*WORK ITEM*.
Write the listing out again exactly as it stands, with no images.

*GIVEN DATA*.

──────────────────────────────

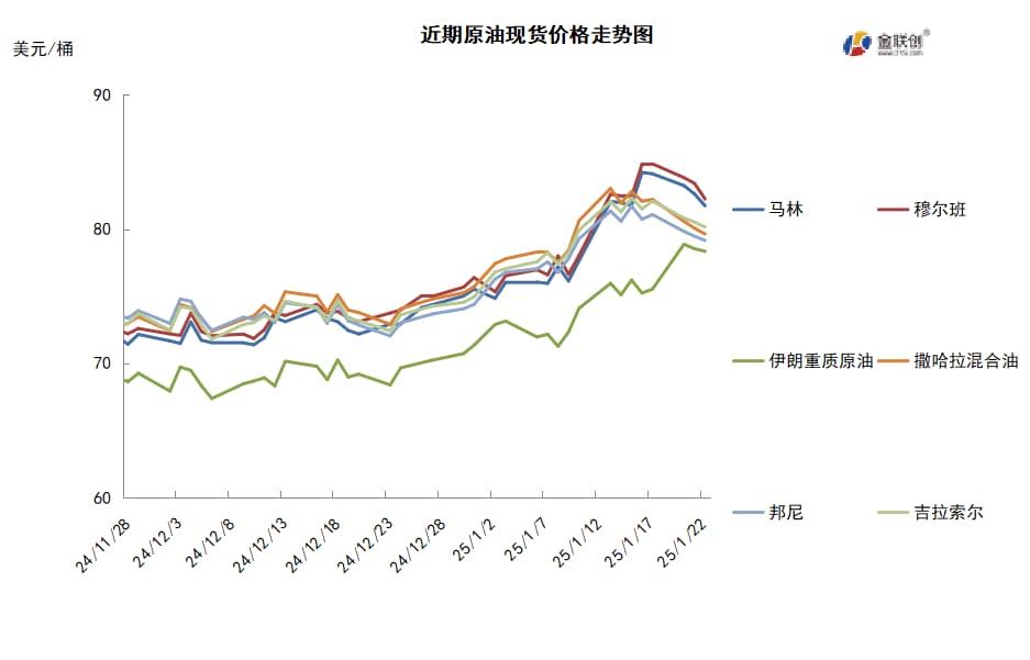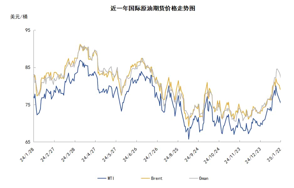 导读:本周(1.16-1.22),原油整体呈现高位回落的走势。WTI本周均价76.97美元/桶,较前一周下跌0.40美元/桶,或-0.51%。周内,导致油价承压下跌的因素有:投资者对美国当选总统特朗普可能出台的最新政策持观望态度,美国原油供应预计增加以及OPEC下调需求增长预期。
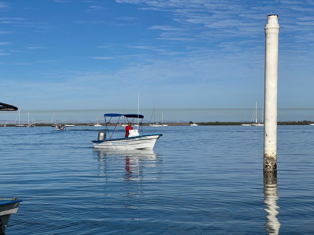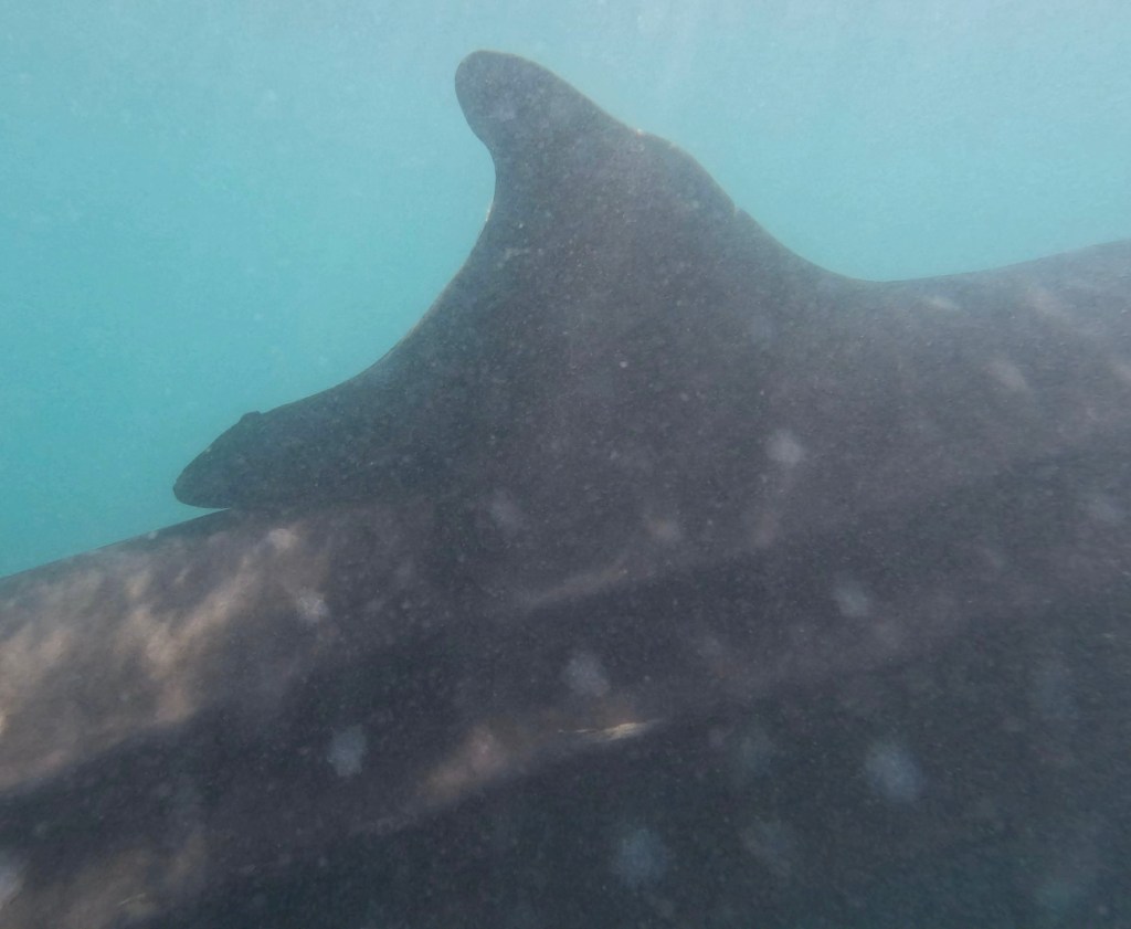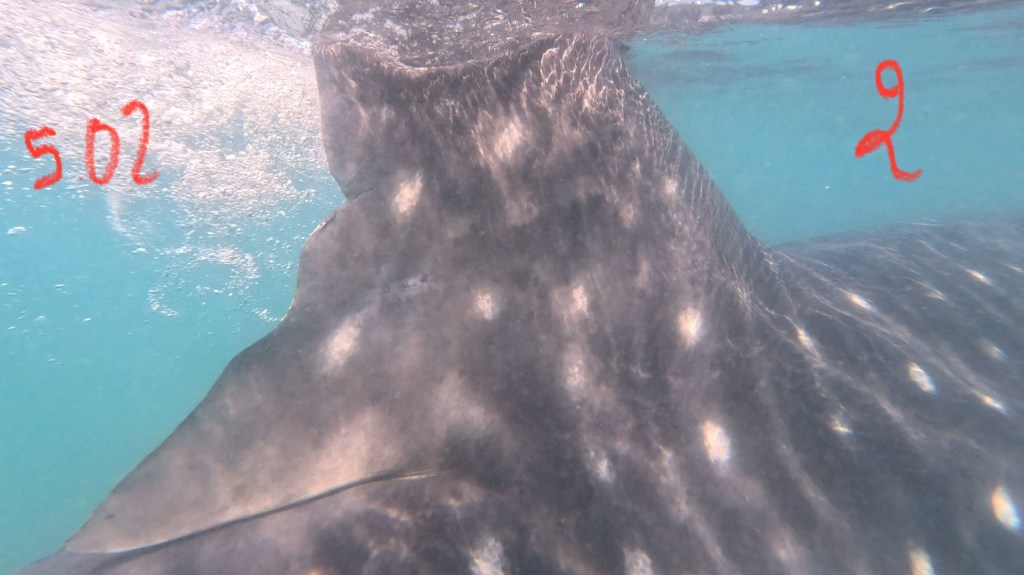 Flera av valhajarna hade skadade ryggfenor. När de är skadade på det sättet är det båtmotorer som har orsakat det. Två av valhajarna hade pilotfishes som var gula med svarta ränder som simmade framför och under dom, vilket betyder att valhajen varit bukten länge.
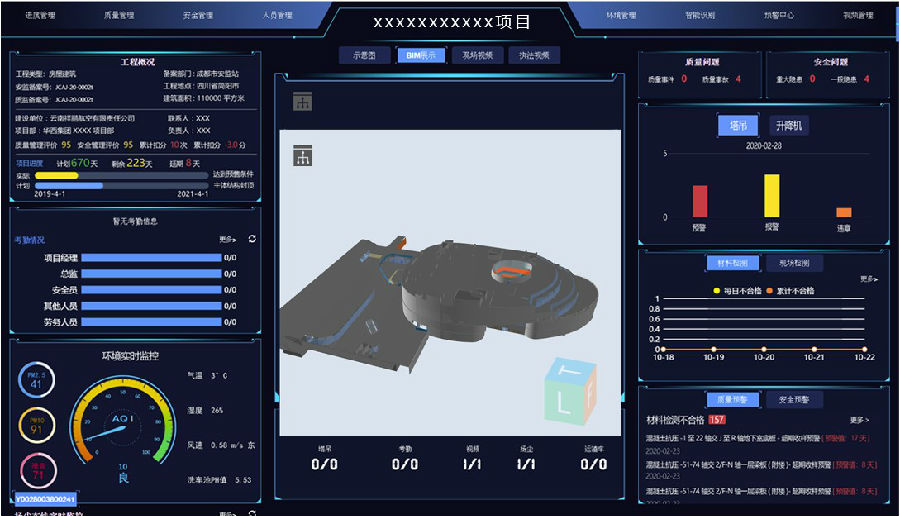 智慧工地平台主要利用智能终端、物联网、移动互联等技术,实时采集建设过程数据,利用大数据、人工智能技术对建设过程的数据进行实时分析,自动锁定施工现场质量安全隐患并进行预警,预警信息直接自动反馈至施工现场相关负责人和主管部门,并根据问题不同等级自动触发现场处置流程,一般为由项目部自行整改,较大或严重问题则由主管部门介入核实,一经认定的违规行为自动进入信用评价。

──────────────────────────────

*EXERCISE RESPONSE*.
 导读:本周(1.16-1.22),原油整体呈现高位回落的走势。WTI本周均价76.97美元/桶,较前一周下跌0.40美元/桶,或-0.51%。周内,导致油价承压下跌的因素有:投资者对美国当选总统特朗普可能出台的最新政策持观望态度,美国原油供应预计增加以及OPEC下调需求增长预期。
 Flera av valhajarna hade skadade ryggfenor. När de är skadade på det sättet är det båtmotorer som har orsakat det. Två av valhajarna hade pilotfishes som var gula med svarta ränder som simmade framför och under dom, vilket betyder att valhajen varit bukten länge.
 智慧工地平台主要利用智能终端、物联网、移动互联等技术,实时采集建设过程数据,利用大数据、人工智能技术对建设过程的数据进行实时分析,自动锁定施工现场质量安全隐患并进行预警,预警信息直接自动反馈至施工现场相关负责人和主管部门,并根据问题不同等级自动触发现场处置流程,一般为由项目部自行整改,较大或严重问题则由主管部门介入核实,一经认定的违规行为自动进入信用评价。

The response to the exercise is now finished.